A Box Regression Algorithm Based on Key Point Distance of Bounding Box

Zhiyong NIE1, Yuwei YIN2,*, Jiaxin TANG2, Zhigang TU2   

  1. 1. General Automation Department, CHN Energy Network Information Technology(Beijing) Co., Ltd., Beijing 100011, China
    2. State Key Laboratory of Information Engineering in Surveying, Mapping and Remote Sensing, Wuhan University, Wuhan 430079, China
  • Received:2022-07-22 Online:2023-07-15 Published:2023-07-14
  • Contact: Yuwei YIN

摘要:

针对目前基于交并比(IoU)的框回归方法在实际应用中存在的检测精度不高、收敛速度较慢等问题,提出一种基于关键点距离交并比(KIoU)的框回归方法。从几何知识入手,将矩形的3个顶点和1个中心点作为关键点,通过计算对应点之间的距离来判断预测框与真实框的位置以及形态差异。构建基于关键点交并比损失的新型损失函数,计算实际情况与理想情况下预测框与真实框的关键点交并比之差,将关键对应点的距离作为IoU的惩罚项以加速模型收敛过程,利用关键点信息在定位上的高效性和准确性来提高目标检测精度。

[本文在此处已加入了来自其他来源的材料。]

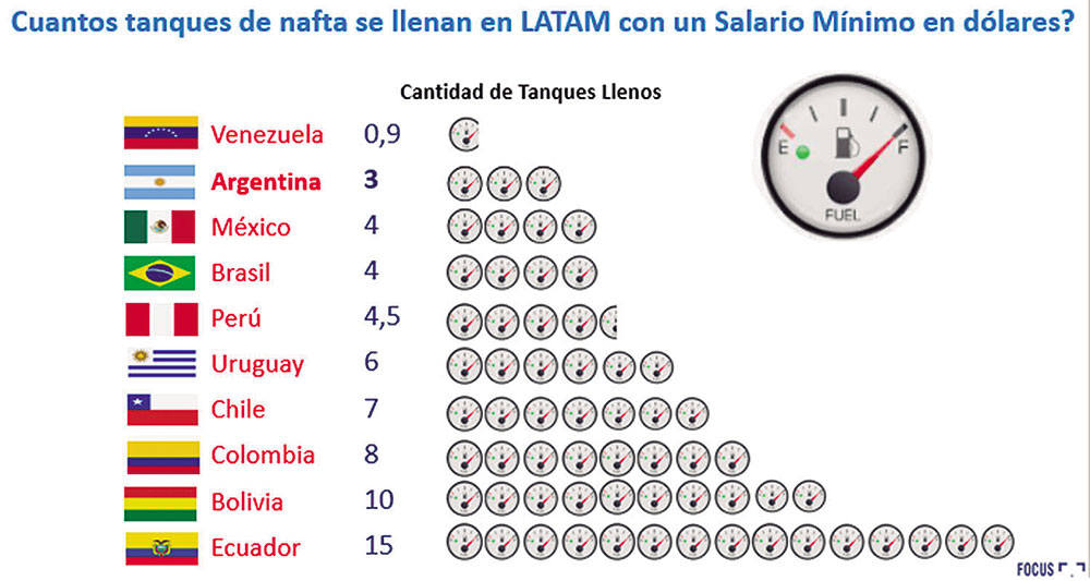 En Bolivia, mientras tanto, un salario mínimo alcanza para llenar diez veces el tanque de nafta, en Colombia para ocho veces y en Chile, siete veces, más del doble que la Argentina.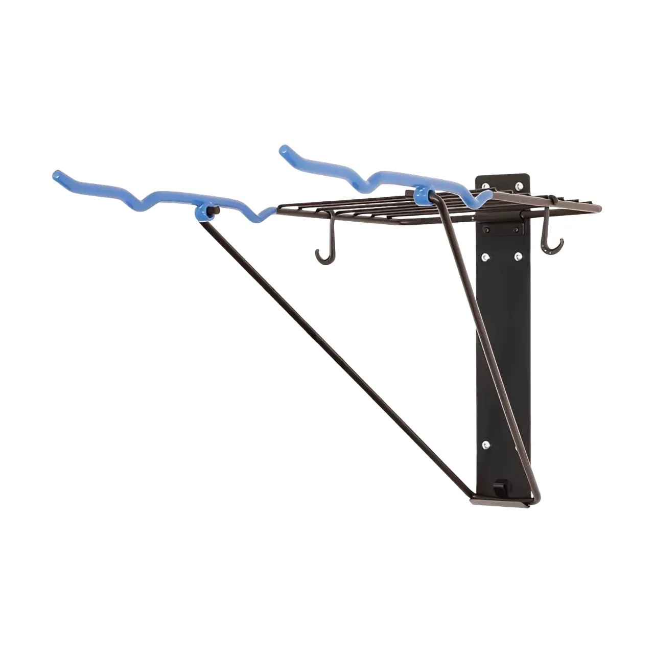 В этом практичном настенном держателе для велосипедов достаточно места для 1-2 велосипедов. Кроме того, есть полка для хранения велосипедных принадлежностей, например, шлемов или перчаток. Настенный кронштейн можно сложить, чтобы сэкономить место, когда он не нужен.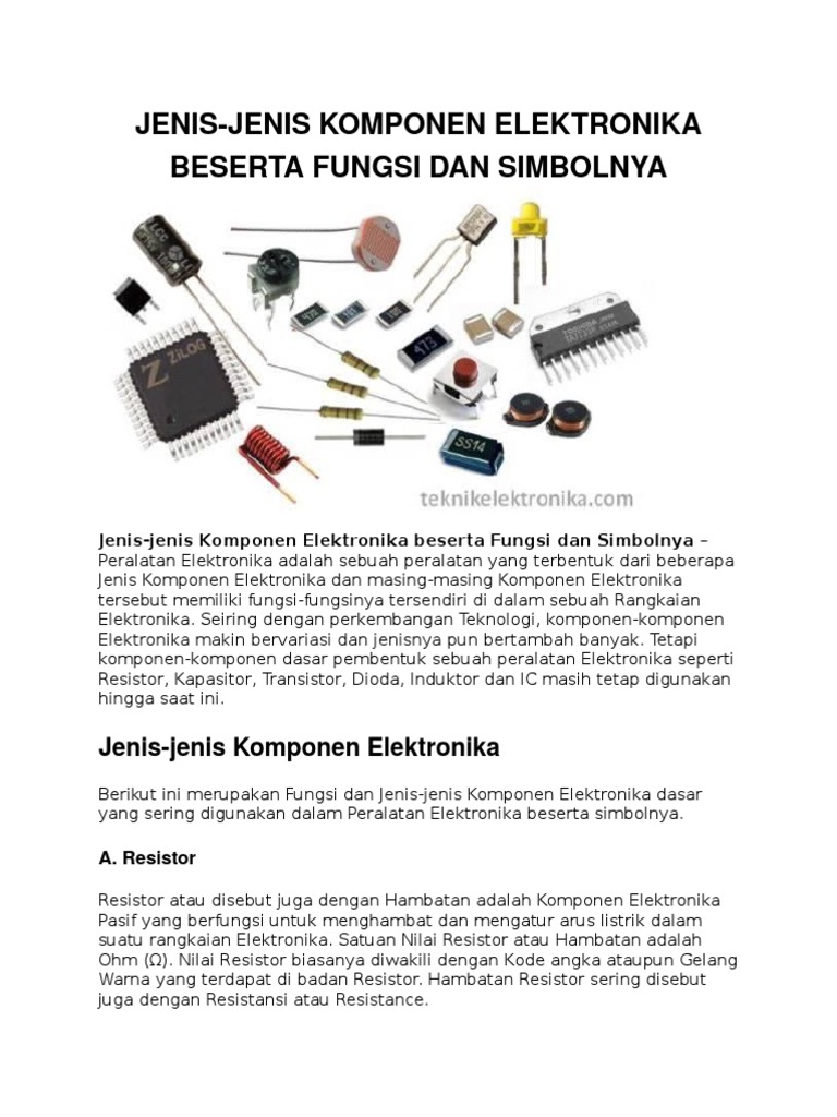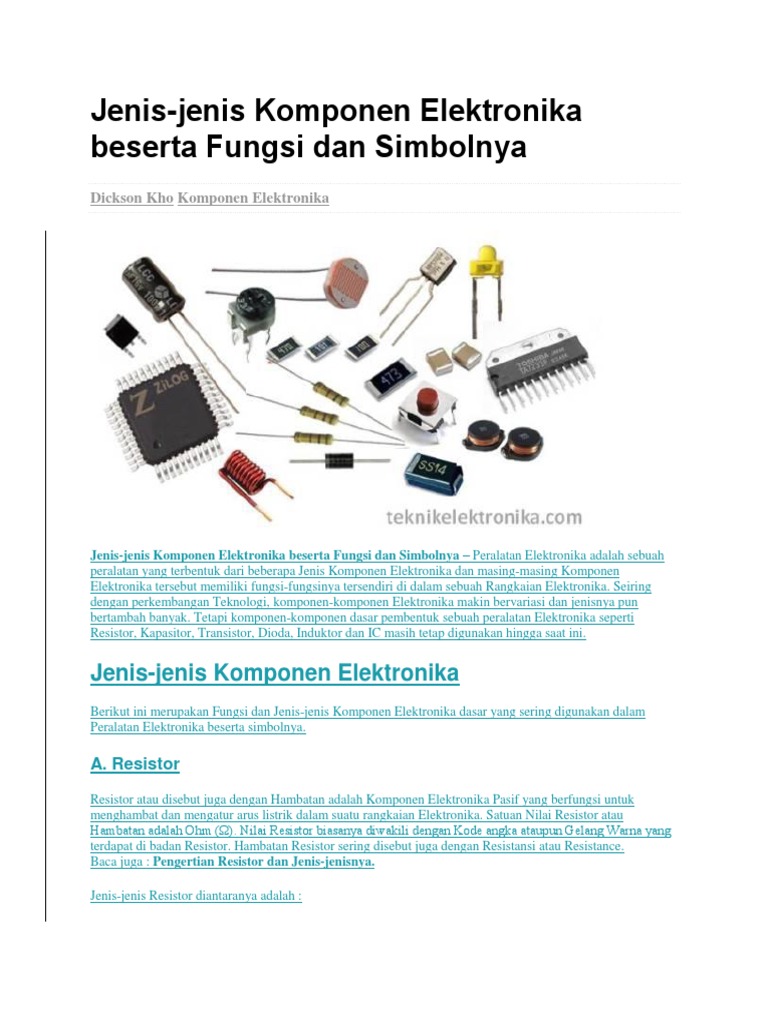 Ini adalah komponen-komponen dasar elektronika pembentuk alat-alat elektronik yang ada di rumah kita Mengenal Komponen Elektronika Part 2 Link. BAB I KOMPONEN DASAR ELEKTRONIKA A. Menerapkan dasar-dasar kelistrikan b.

以单阶段目标检测算法SSD和两阶段目标检测算法Faster R-CNN为基准算法,在PASCAL VOC和COCO数据集上将KIoU与IoU、GIoU、DIoU、CIoU等4种交并比方法进行实验对比,结果表明:在检测精度方面,在Faster R-CNN上KIoU相较IoU提升了2.91%,相较目前表现较好的DIoU提升了0.11%,在SSD上KIoU相较IoU与DIoU分别提升了0.96%与0.06%;在目标检测视觉效果方面,KIoU方法对目标的定位更加准确,且在一定程度上能够减少目标漏检的情况。

关键词: 目标检测, 边界框回归, 交并比, 关键点距离交并比, 关键对应点

Abstract:

To address the challenges of low detection accuracy and slow convergence rate associated with the current box regression method utilizing Intersection-over-Union(IoU) in practical applications, a new box regression method based on Key point distance based Intersection-over-Union(KIoU) is proposed. The proposed method incorporates geometric knowledge by considering the three vertices and the center point of the rectangle as key points. These key points enable the determination of the position and morphological differences between the predicted box and the actual box by calculating the distance between corresponding points. A new loss function based on the IoU loss of key points is constructed to measure the difference between the IoU of the key points of the prediction box and the actual box in both real-world and ideal scenarios.The distance between the corresponding key points is used as the penalty term for IoU, thereby accelerating the convergence process of the model.The efficiency and accuracy of key point information in object positioning are leveraged to improve the target detection accuracy. Experimental comparisons were conducted on the PASCAL VOC and COCO datasets using the Single Shot multibox Detector(SSD), which is a single-stage object detection algorithm, and the Faster Region-Convolutional Neural Network(Faster R-CNN), which is a two-stage object detection algorithm, as benchmark algorithms. KIoU was compared against IoU, Generalized IoU(GIoU), Distance IoU (DIoU), and Complete IoU(CIoU).The results demonstrated notable improvements in detection accuracy.Specifically, compared to IoU, KIoU on Faster R-CNN exhibited a 2.91% increase, surpassing DIoU by 0.11% in current performance, and outperformed IoU and DIoU on SSD by 0.96% and 0.06%, respectively.Additionally, in terms of visual effects in object detection, the KIoU method exhibited more accurate target localization and demonstrated the ability to mitigate the occurrence of missed targets to some extent.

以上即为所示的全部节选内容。